→ SUPPLIED RECORDS:
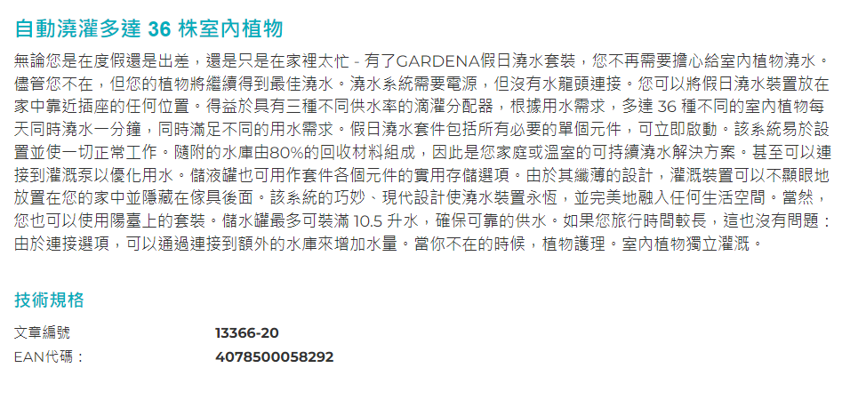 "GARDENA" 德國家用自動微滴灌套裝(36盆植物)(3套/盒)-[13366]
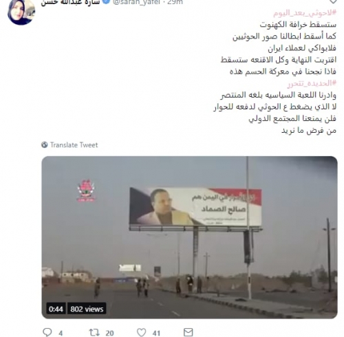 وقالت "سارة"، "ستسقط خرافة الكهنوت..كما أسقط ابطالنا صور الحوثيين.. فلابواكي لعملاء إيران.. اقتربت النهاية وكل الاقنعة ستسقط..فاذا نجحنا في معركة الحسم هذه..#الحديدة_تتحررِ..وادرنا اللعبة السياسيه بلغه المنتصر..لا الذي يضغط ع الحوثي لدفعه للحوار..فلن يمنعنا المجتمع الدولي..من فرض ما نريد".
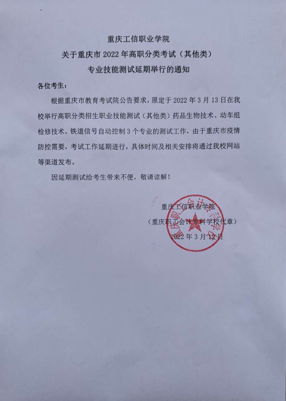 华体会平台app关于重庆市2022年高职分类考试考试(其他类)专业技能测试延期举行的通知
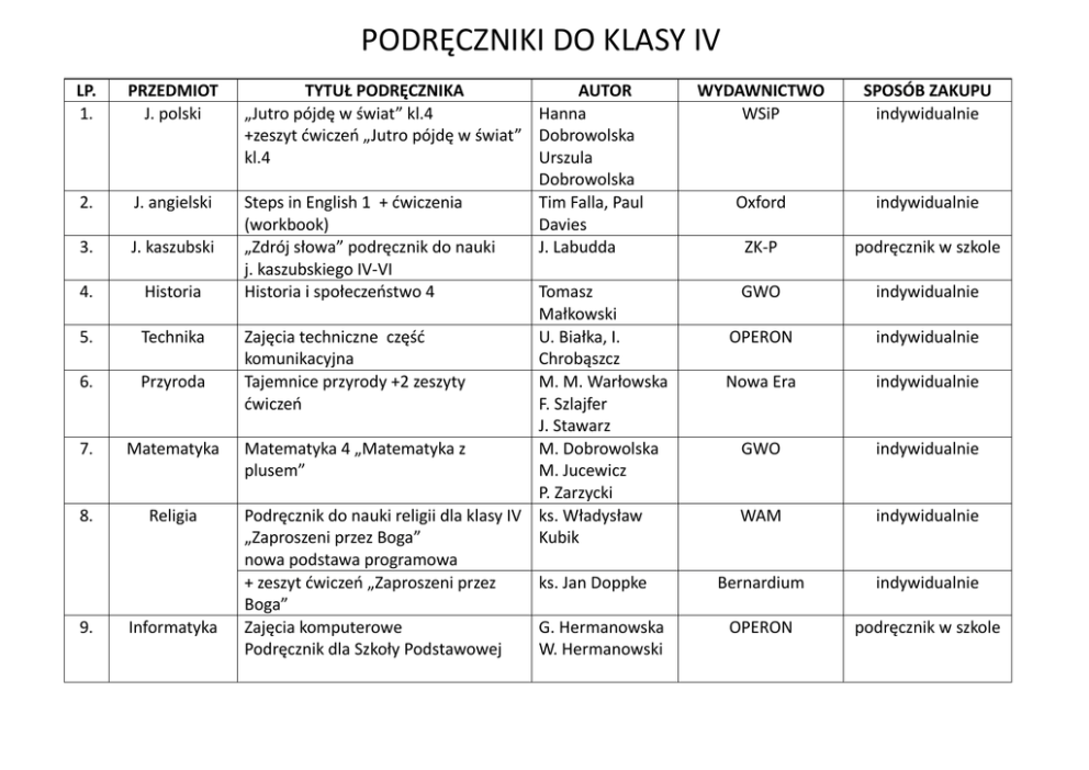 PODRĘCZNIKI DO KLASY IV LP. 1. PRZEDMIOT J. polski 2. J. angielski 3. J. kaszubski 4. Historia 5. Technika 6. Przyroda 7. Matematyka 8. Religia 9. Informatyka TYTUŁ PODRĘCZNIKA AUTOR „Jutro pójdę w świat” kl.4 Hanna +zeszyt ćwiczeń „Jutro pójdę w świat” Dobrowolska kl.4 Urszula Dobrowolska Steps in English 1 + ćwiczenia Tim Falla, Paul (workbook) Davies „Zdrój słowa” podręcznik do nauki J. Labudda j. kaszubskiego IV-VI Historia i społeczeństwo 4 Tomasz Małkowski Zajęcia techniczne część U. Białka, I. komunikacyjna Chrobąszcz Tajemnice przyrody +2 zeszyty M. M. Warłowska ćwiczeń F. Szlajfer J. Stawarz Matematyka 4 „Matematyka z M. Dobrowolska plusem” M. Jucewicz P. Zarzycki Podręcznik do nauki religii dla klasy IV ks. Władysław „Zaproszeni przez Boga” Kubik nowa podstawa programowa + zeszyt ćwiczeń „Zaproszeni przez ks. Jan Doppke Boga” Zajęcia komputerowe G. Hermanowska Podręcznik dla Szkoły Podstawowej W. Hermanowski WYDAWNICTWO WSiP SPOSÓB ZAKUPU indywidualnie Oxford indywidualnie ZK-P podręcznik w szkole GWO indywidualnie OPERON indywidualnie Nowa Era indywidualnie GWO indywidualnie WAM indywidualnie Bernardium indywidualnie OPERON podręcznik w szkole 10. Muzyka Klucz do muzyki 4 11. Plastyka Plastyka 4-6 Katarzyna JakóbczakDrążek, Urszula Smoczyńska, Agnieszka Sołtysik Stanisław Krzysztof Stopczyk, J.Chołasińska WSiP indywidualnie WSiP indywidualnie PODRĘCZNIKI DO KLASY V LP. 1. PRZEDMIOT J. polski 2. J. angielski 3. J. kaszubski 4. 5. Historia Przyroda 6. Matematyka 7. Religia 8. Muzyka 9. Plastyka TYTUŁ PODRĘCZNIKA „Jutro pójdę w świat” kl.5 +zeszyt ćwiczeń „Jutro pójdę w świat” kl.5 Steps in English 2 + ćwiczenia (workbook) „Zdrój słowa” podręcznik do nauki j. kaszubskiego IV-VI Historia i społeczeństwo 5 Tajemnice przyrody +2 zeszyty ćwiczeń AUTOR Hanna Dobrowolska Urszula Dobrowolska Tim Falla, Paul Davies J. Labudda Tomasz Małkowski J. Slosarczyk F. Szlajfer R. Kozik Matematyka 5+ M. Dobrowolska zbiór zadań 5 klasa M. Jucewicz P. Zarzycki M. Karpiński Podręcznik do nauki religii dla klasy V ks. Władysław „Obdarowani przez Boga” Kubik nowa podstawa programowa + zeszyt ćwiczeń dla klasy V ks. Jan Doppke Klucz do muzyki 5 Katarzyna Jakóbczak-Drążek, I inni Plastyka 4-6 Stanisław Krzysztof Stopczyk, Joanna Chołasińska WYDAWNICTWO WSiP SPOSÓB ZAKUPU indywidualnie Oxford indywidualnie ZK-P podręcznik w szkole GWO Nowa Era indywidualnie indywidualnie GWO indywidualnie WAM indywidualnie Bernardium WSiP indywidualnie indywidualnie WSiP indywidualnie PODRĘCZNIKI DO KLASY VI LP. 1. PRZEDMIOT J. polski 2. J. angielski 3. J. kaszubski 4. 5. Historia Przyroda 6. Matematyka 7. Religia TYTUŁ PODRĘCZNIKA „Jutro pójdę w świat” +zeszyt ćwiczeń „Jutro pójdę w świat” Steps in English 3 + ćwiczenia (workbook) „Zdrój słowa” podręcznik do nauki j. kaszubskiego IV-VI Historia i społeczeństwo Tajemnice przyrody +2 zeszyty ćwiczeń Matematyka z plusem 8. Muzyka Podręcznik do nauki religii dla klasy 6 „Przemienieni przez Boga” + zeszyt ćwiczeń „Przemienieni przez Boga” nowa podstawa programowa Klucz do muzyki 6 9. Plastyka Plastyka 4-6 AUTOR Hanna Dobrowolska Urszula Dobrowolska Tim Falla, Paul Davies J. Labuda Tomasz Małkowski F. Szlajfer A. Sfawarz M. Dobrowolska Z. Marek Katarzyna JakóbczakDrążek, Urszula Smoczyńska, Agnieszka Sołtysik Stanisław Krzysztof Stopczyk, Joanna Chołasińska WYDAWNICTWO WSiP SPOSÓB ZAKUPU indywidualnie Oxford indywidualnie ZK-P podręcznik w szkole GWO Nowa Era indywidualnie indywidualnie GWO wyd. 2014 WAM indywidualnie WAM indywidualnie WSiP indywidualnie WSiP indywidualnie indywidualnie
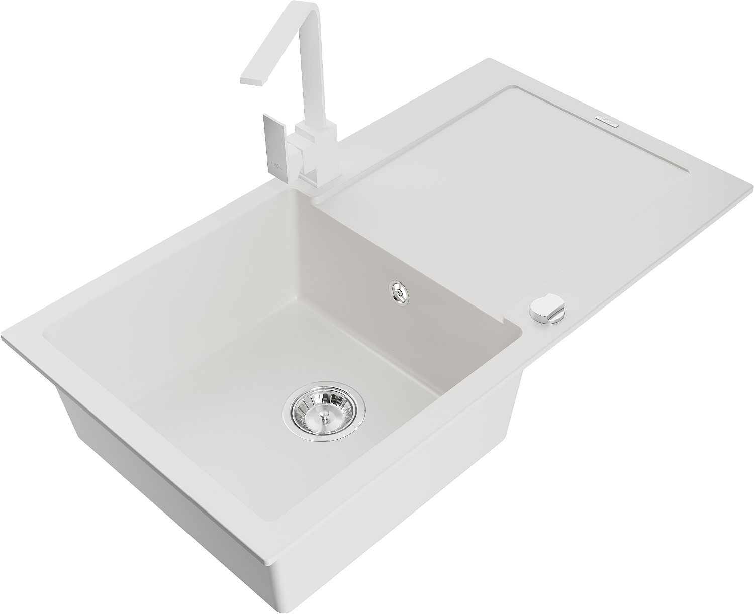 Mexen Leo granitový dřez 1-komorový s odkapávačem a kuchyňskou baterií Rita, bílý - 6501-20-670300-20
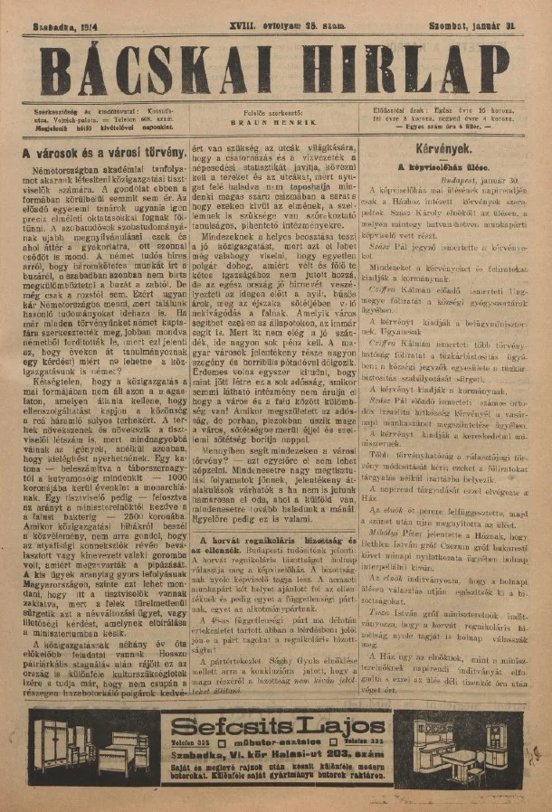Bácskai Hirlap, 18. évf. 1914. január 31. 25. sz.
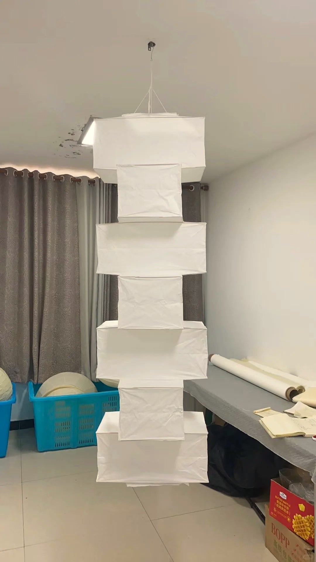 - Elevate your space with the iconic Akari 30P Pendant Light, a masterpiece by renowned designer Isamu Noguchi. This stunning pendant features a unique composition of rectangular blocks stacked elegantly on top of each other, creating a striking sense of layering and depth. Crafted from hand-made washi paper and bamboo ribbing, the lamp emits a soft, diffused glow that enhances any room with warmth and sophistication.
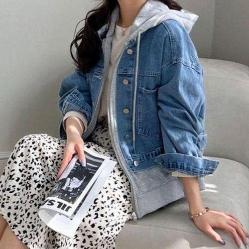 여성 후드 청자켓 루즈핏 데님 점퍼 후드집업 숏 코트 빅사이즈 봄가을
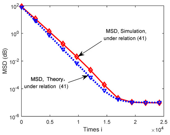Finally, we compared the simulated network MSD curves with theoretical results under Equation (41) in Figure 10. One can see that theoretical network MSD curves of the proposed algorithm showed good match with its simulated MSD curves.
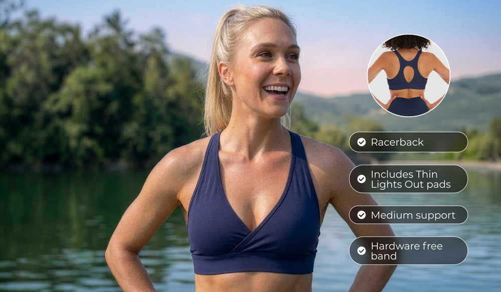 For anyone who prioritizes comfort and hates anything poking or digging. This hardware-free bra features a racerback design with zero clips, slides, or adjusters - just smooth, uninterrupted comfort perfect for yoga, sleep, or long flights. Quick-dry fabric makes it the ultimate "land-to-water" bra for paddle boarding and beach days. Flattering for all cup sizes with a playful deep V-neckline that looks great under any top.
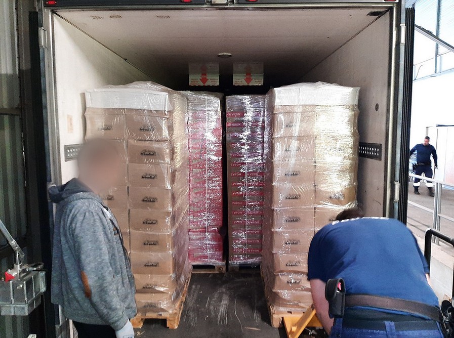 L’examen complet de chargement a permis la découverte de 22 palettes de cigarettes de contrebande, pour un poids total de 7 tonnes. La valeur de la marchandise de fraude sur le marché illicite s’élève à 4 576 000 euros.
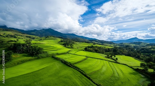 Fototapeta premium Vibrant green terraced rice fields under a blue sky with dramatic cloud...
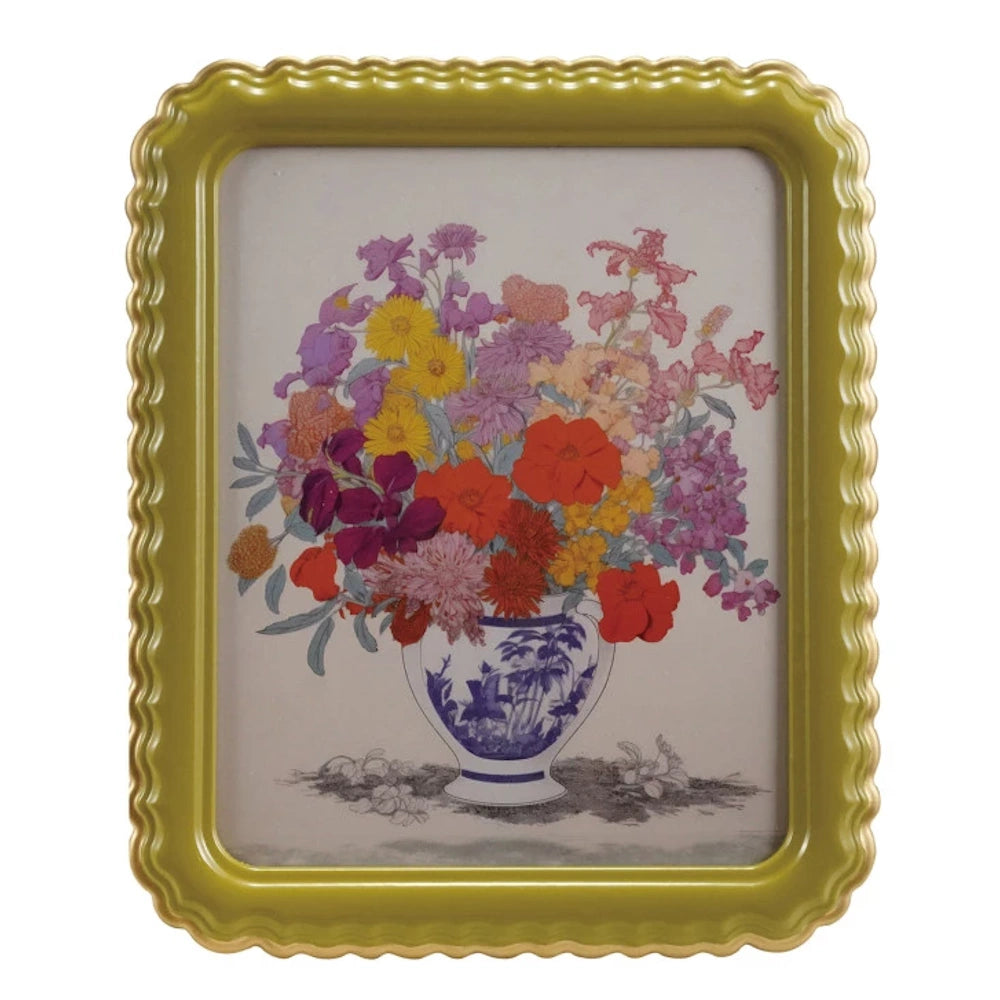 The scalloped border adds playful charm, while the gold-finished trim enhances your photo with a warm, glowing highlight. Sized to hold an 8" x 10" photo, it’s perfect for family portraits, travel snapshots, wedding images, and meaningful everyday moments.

→ TASK OBJECTIVE: Return exactly the stretch above whose first line contains "L’examen complet de" and whose last line contains "Fototapeta premium Vibrant", and nothing outside it. The pictures should not appear.

→ SOLUTION TO THIS EXERCISE:
 L’examen complet de chargement a permis la découverte de 22 palettes de cigarettes de contrebande, pour un poids total de 7 tonnes. La valeur de la marchandise de fraude sur le marché illicite s’élève à 4 576 000 euros.
 Fototapeta premium Vibrant green terraced rice fields under a blue sky with dramatic cloud...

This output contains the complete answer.